I’m writing this to people who are writing so that other people will want to read their stuff. This isn’t advice to the purist out there who thinks catering to people’s basic need for a good story is too base for their efforts. I’m talking about commercial fiction and how to get someone wants to read a book that is worth their time and money. You don’t have to tell me the only rule out there that matters is there are no rules. If you believe that, you should read my Confessions of there are no rules writer post. I wrote in that valley for a decade. If what you are doing is working for you and your success speaks for itself, I’m honestly happy for you. Your fellow writers aren’t your competition, they’re just fellow travelers on the same path. I go on in great lengths in the blog post and I’m not going to rehash it here.

Eventually I realized that readers, whether it be agents, publishers or the general public are not opening your book and hoping you are just terrible at it.
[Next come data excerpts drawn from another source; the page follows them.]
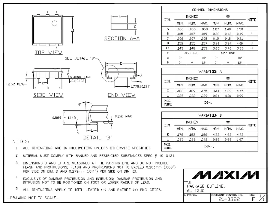 As far as I can tell, this package only comes in the 6-pin version (TSOC-6), and is only used by Dallas/Maxim (since 2001, Dallas has been a subsidiary of Maxim). While Maxim Integrated lists four different variants (see the Title section of the recommended land patterns below), there seems to be no physical difference between the D6+1 and D6-1 variants, and no difference between the D6N+1 and D6N-1 variants. The difference between the variants with and without N in their name are the package width and the lead length (and hence two slightly different land patterns).
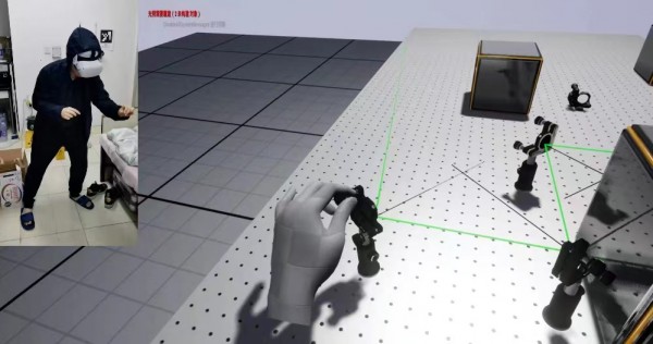 没有办法到实验室,怎样才能找到实验室操作的感觉呢?物理与天文学院的博士生严增泉想到,可以借助VR虚拟现实设备和“元宇宙”概念,在虚拟世界中映射实验设备,并通过体感手势交互实现对虚拟实验器件的调控,达到线上实验的目标。他设定与实验器件匹配的抓握、移动、旋转等手势识别交互功能,加入实时光学仿真模拟呈现精致的光学实验现象,再通过头戴显示器,实现沉浸式的线上实验。不光是物理光学实验,一个头戴显示器和一台笔记本电脑还能扩展到化学、电子线路和工程类实验。严增泉对这套虚拟装置很有信心,未来如果利用低成本的深度相机结合“数字孪生”技术,对各实验室进行大尺度的超清三维实景重构,将数字孪生的实验室对象整合至线上平台,还有可能实现对校内实验室的线上沉浸式交互与导览,实验人员也许远程就可以对实验室内的器件进行实体操作。
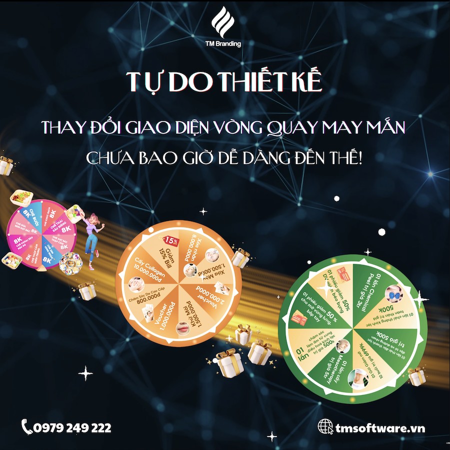 Tuy nhiên, với tính năng “tự quản trị” mới của TM Software, bạn sẽ có thể thực hiện những thay đổi một cách nhanh chóng và hiệu quả, tiết kiệm được cả thời gian và chi phí. TM Software hiểu rõ rằng một trong những thách thức lớn nhất mà khách hàng thường gặp phải là việc muốn thay đổi giao diện của vòng quay may mắn, nhưng lại lo lắng về chi phí, thời gian và sự rắc rối khi phải thảo luận với công ty.

They want to be swept up in your story and you want them to be swept up in your story. Your job as a writer is not to con people into putting their money down and buying a pig in a poke. I remember my first world con where a silverback author joked that as long as the person bought the book, even if it was terrible, it was a win for him. That was in 2003 and I didn’t know why that was wrong, but it felt wrong. You are not going to make a career out of writing if you’re selling snake oil and hoping people are dumb enough to buy it. You want to work at the Lexus dealership, not a used car lot without a lemon policy  You want to establish a business relationship with the people who buy your stuff that what you are selling is going to be worth not just their time and money now, but their time and money in the future. That’s how careers are born.

There are no hard and fast rule to get your reader to care but there are guidelines. From line one, sentence one you have to realize that there are stacks of books behind yours, whether your published or not, that may be just as worthy if not more more than what you’ve written. That first scene has to accomplish five tasks off the top of my head, but that’s a whole new post, too.